Start of Supplied material

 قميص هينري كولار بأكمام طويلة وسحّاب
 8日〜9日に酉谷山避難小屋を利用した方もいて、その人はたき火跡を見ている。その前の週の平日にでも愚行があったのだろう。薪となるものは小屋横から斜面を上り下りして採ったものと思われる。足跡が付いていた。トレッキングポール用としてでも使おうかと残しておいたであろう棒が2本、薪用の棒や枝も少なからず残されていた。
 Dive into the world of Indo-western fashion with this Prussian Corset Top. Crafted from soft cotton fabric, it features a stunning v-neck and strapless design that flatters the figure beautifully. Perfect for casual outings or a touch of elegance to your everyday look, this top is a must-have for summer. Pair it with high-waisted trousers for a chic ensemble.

End of Supplied material
Start of Supplied material

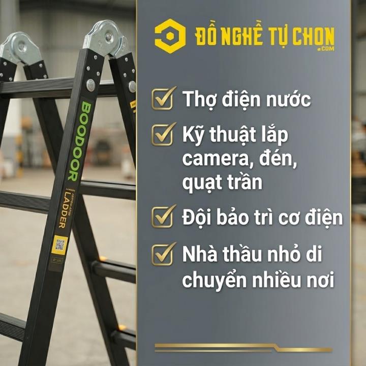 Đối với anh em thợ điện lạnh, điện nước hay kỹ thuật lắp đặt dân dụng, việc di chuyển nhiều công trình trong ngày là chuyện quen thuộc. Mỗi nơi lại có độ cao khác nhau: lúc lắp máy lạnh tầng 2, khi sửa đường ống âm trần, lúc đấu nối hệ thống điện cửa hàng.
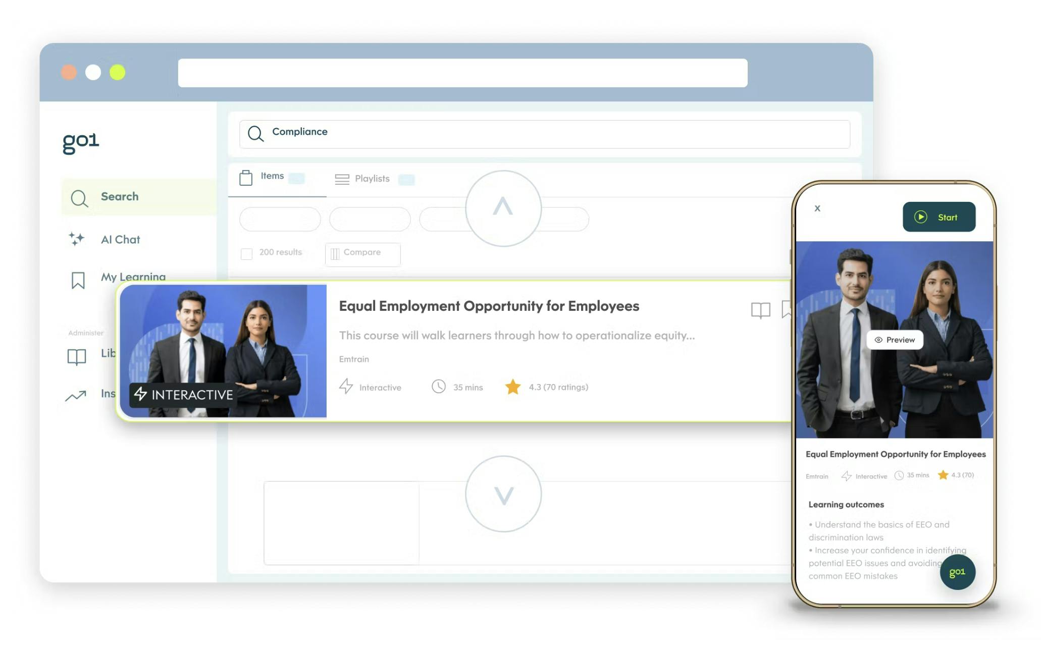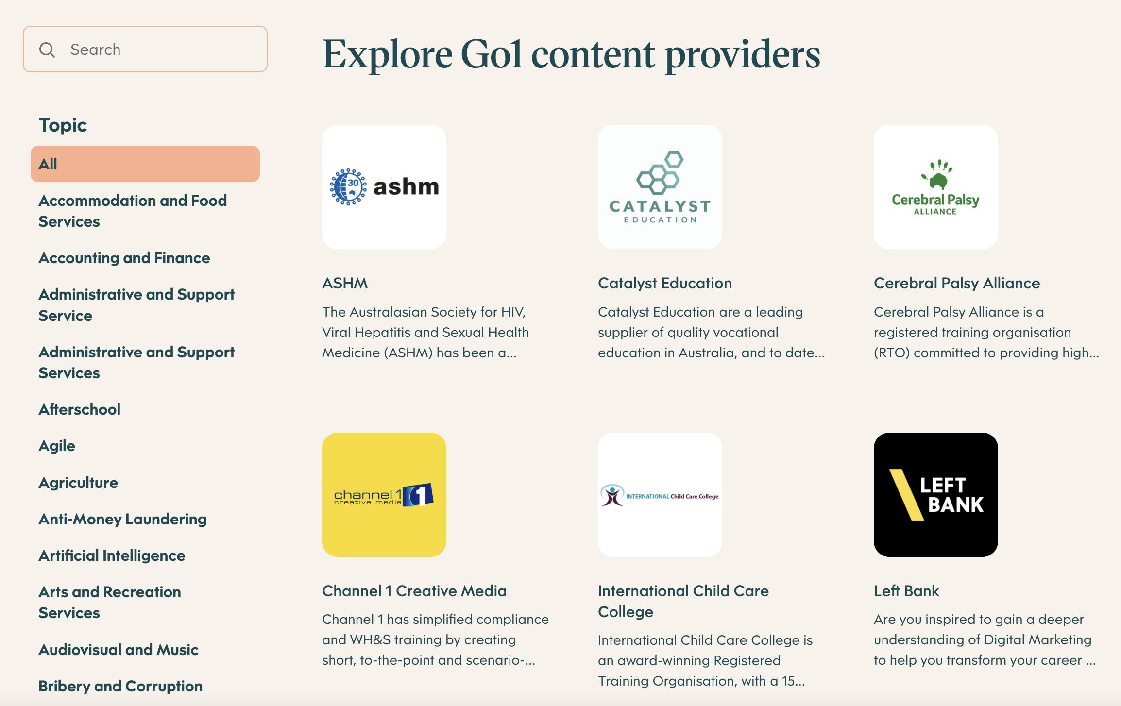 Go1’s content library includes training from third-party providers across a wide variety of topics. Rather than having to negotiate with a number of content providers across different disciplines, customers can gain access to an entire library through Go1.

End of Supplied material

#### Try it
Extract from the listing above the lines between the line containing "قميص هينري كولار بأكمام طويلة وسحّاب" and the line containing "8日〜9日に酉谷山避難小屋を", keeping both of those lines. Output nothing else.

#### Response box
 قميص هينري كولار بأكمام طويلة وسحّاب
 8日〜9日に酉谷山避難小屋を利用した方もいて、その人はたき火跡を見ている。その前の週の平日にでも愚行があったのだろう。薪となるものは小屋横から斜面を上り下りして採ったものと思われる。足跡が付いていた。トレッキングポール用としてでも使おうかと残しておいたであろう棒が2本、薪用の棒や枝も少なからず残されていた。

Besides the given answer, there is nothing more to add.